仕事上の興味があって手に取った。
著者はアッカ・ネットワークスの創業者。2000年の
起業から、ブロードバンド普及の波に乗った業容の拡大期、その後のフレッツの普及とDSL事業の停滞と新たなモバイル事業への参入失敗、そして2009年にイー・モバイルに吸収合併されるまでの顛末を描いている。
この2000年からの10年は、日本の通信業界にとってまさに激動の時期であり、たいへんな勢いでブロードバンド化、価格破壊、業界再編が起こった。

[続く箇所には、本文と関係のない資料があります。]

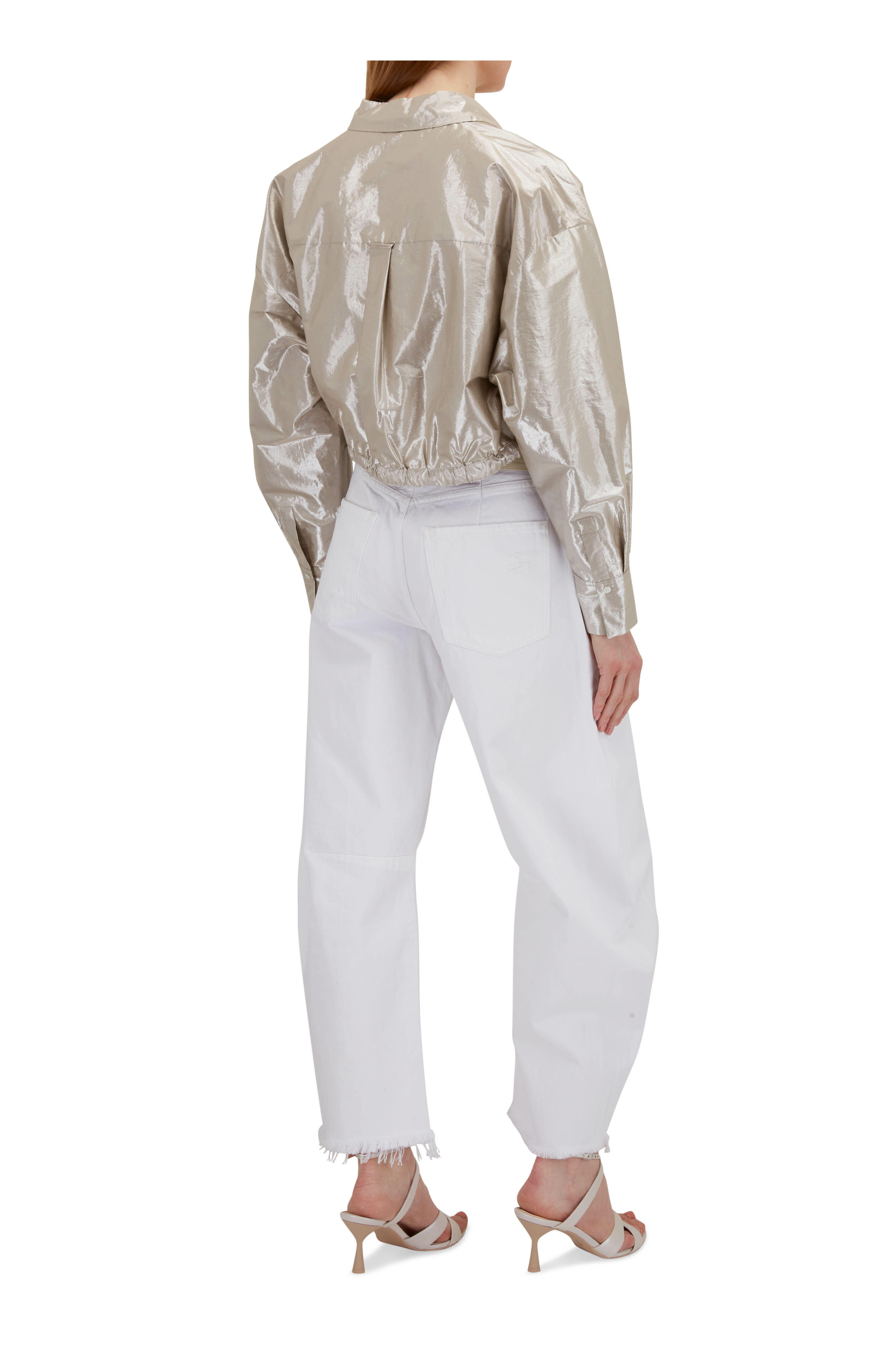 Button fly. Five pocket styling. Raw, frayed hem; distressed detailing throughout. Made in the USA. Rise: 13 1/4". Inseam: 27". Leg Opening: 20". 100% cotton. Machine wash.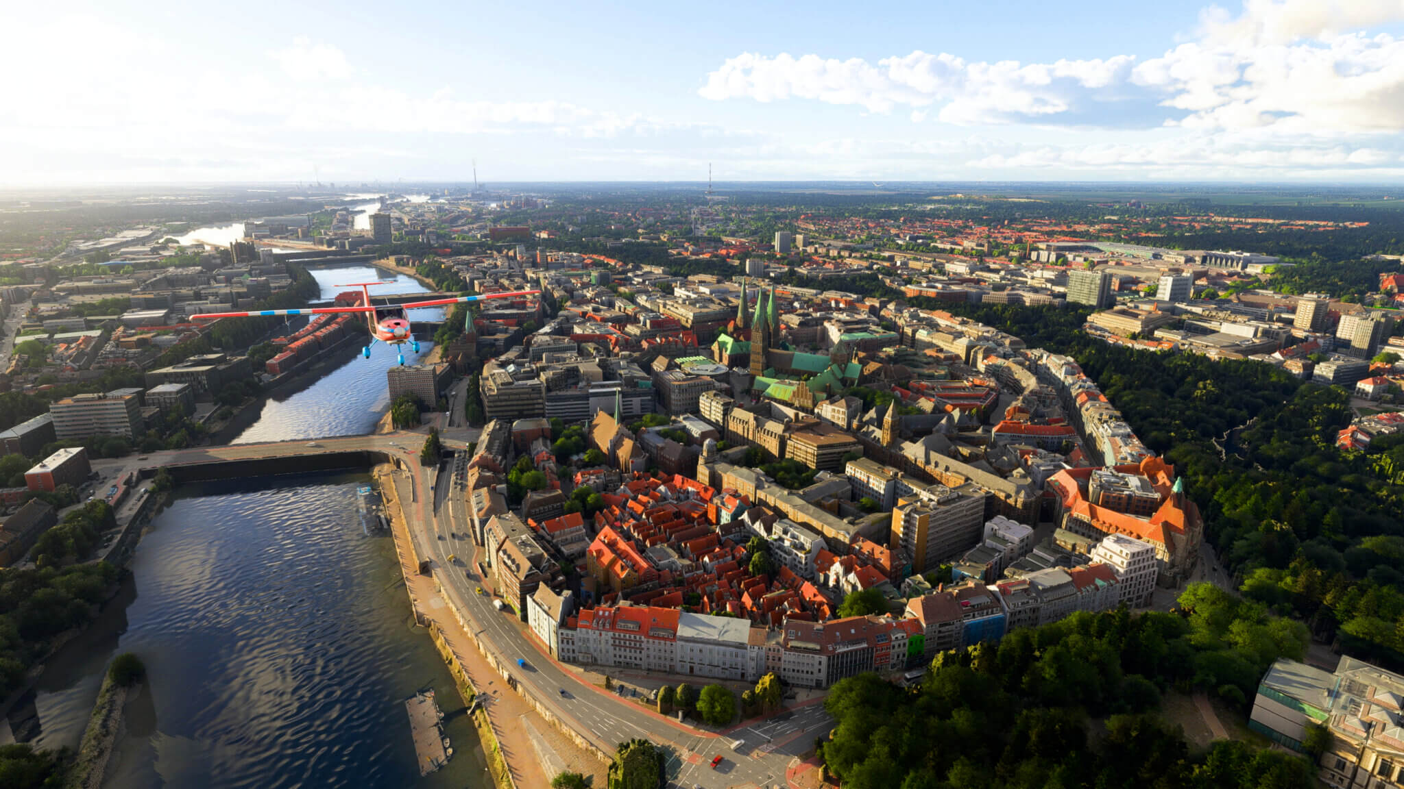 Die aktualisierten Städte, fotorealistisch in 3D, sind Augsburg (Bayern), Bremen (Bremen), Dresden mit Leuben sowie Leipzig (Sachsen), Kiel (Schleswig-Holstein) und Münster (Nordrhein-Westfalen). Jede Stadt bietet kulturelle Highlights und bedeutende Architektur – von der Fuggerei in Augsburg über das UNESCO-geschützte Bremer Rathaus bis zur Frauenkirche in Dresden. Das Update lädt dazu ein, Deutschlands Vielfalt aus der Luft mit noch höherem Detailreichtum zu erkunden.

そのあたりの事情は最後のほうで少しだけ触れられているが、全体のトーンは、ベンチャー企業の創業者としての述懐で、通信業界そのものに焦点を当てたものではない。
ソフトバンクの孫正義氏がボーダフォンを買収したとき、2兆円とも言われた負債の大きさにみな懐疑のまなざしを送ったが、本書をみると、その決断こそがADSLからモバイルへの事業転換を図った、孫正義氏の見事な経営判断だったということができそうだ。逆にモバイルへの事業転換ができなかったアッカは会社がなくなってしまった。
通信業界の動向という観点ではあまりお勧めはしないが、率直な書きっぷりで一ベンチャー創業者の揺れる胸の内はよく伝わってくる。
起業を目指す若い方には面白いと思う。